Open Access College Student Story - Family

This is a story of a family of 7 children all of whom attended OAC. Several were/are active in all aspects of student life, including Student Leaders, Come In Days and Curriculum Days. Father is severely ill and the mother has a severe debilitating disease which made it more and more difficult to home school. This became a major issue with DECD Home Schooling and the AP Student Welfare intervened. He worked with the Channel Manager who agreed all remaining children were at risk.

Students are now full time at OAC under the At Risk criteria. Since 2016 OAC has sought assessment for both of the youngest children with no success. In 2017 OAC Psychologist assessed the 2 youngest children providing possible interventions which will be used to apply for NDIS funding. OCOPs were written for both of these children.

The eldest “H” enrolled in Stage 1 in 2010 as a Curriculum Choice student. She left for TAFE to do a Cert 2 in Information Technology in 2013. She returned to complete her SACE as an adult in 2016. “E” the second eldest enrolled at OAC in Year 10 in 2012. He was very keen on a career working with animals and did one day voluntary work at the local Vet every fortnight. “E” had food intolerance leading to occasional absences and him taking time away from school. He returned to OAC in 2014 to complete Stage 1 including a Certificate II in Animal Studies. He left mid 2015 having gained a place at Gilles Plains TAFE in Certificate III Companion Animal Services.
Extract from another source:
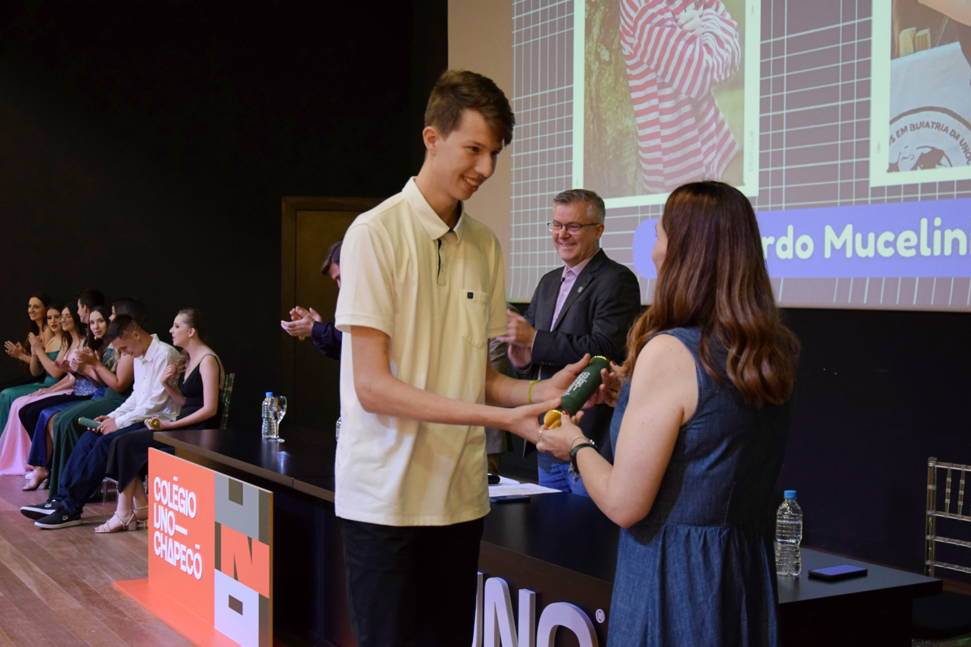 Para o Reitor da Unochapecó, professor Cláudio Jacoski, a formatura da primeira turma do Colégio Uno representa uma nova página escrita na história da Universidade. “Temos uma caminhada bonita de 53 anos, e o projeto do Colégio é um dos mais importantes que a Instituição já teve. Isso porque, de certa forma, nós nos desafiamos e acreditamos em fazer algo diferente pela educação básica no Brasil, com um projeto totalmente inovador, que foi recebido com empolgação pelas autoridades educacionais do Estado. Não tenho dúvida de que acertamos, e tenho certeza de que estes jovens terão um caminho sensacional daqui para frente com o preparo que receberam”, destacou.
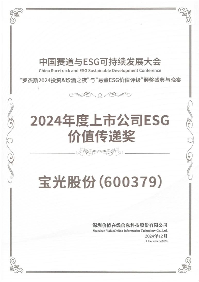 近日,寶光股份作為可持續(xù)發(fā)展理念的積極踐行者,喜獲“2024年上市公司可持續(xù)發(fā)展優(yōu)秀實(shí)踐案例名單”、“2024年第二屆國(guó)新杯·ESG金牛獎(jiǎng)科技引領(lǐng)二十強(qiáng)”、“2024年度上市公司ESG價(jià)值傳遞獎(jiǎng)”多項(xiàng)ESG大獎(jiǎng)。

“L” the third eldest child of the family was also the most academic. She initially studied Year 8 and 9 French, and Music at OAC in 2013 and 2014. She was eligible to come full time at OAC in 2015. She successfully completed Stage 1 and 2 over the next 2 years and won a place in Forensic Science Flinders University.

Currently OAC students include “M” who like her sister studied Year 8 and 9 Music at OAC in 2013 and 2014. Again when eligible she enrolled full time in New Directions in 2016 due to academic issues and has an OCOP.

She has continued doing Cert 3 Music via OAC and moved into Transition Stage 1 and 2 in 2017-18 with an OCOP. “I” also studied Year 8 and 9 French, Music at OAC in 2013 - 14. When eligible in year 10 in 2015 “I” enrolled at OAC in the New Directions program. “I” is interested in computers as a career and benefited from the certificate aspect of the New Directions program. “I” also studied music via the VET Cert 3 course through OAC. “I” successfully completed the Stage 1 Transition Program in 2017 and is currently in the Stage 2 Transition Program. He has an OCOP.

The youngest 2 were enrolled as students at risk after intervention by the AP Student Welfare.

“A” enrolled as a student at risk in year 5 in 2017. He had been home schooled and had very little formal schooling. His mother said he was showing growth but was still very hard to engage at home as he lacked concentration as much as mother tried to work with him. He was enrolled in an Individualised Learning Program and has continued in this program.

He came to OAC with a non DECD verified intellectual disability for Autism but was assessed by the OAC Psychologist in 2016 which has been verified and has an OCOP. “A” has continued with Reading Support. SWL has organised for “A” to join the DECD SWD (Student With Disability) Swimming at The Parks Centre.

“J” enrolled as a year 1 college based student under the at risk category in 2016. He had been home schooled and had very little formal schooling.

Further assessments were needed once we established his ability and engagement levels. Reading Support was put in place. He re enrolled as a student at risk year 2 and 3. “J” has no formal diagnosis but mother reports that she is seeking an assessment for possibly ASD or ADHD as she reports that “J” is "extremely active, has no off switch, no self regulation and has difficulty concentrating and staying focussed.”

The family moved from a rural town to Adelaide in 2017. Father and mother separated and dad ended up in gaol in late 2017 due to family violence. The family lost their home mid-2018 and moved from accommodation to accommodation. Limited internet access and all students’ attendance fell away. In June 2018 SWL visited mother who was very sick.

SWL delivered an internet modem so children could access lessons. The OAC Social Worker worked with mum via Intensive Case Management and home visits. They attended an appointment at Uniting SA and had some success. Family was in emergency motel accommodation for several months.

During the holidays mother was successful in securing a private rental property.

During their period of homelessness it impacted on the whole family in varying ways. The mother’s ability to be the nurturing and caring parent that she is was minimised due to the numerous appointments that she was required to attend.

Throughout this whole process SWL and Social Worker both reinforced and

empowered mother that she was doing an awesome job of holding it all together during this time of serious upheaval. Social Worker maintained contact with mother throughout the holiday period often ringing her after hours to ensure that the day was a success. The family have now moved into their new home and have all their belongings out of storage, looking forward to establish routines and structure.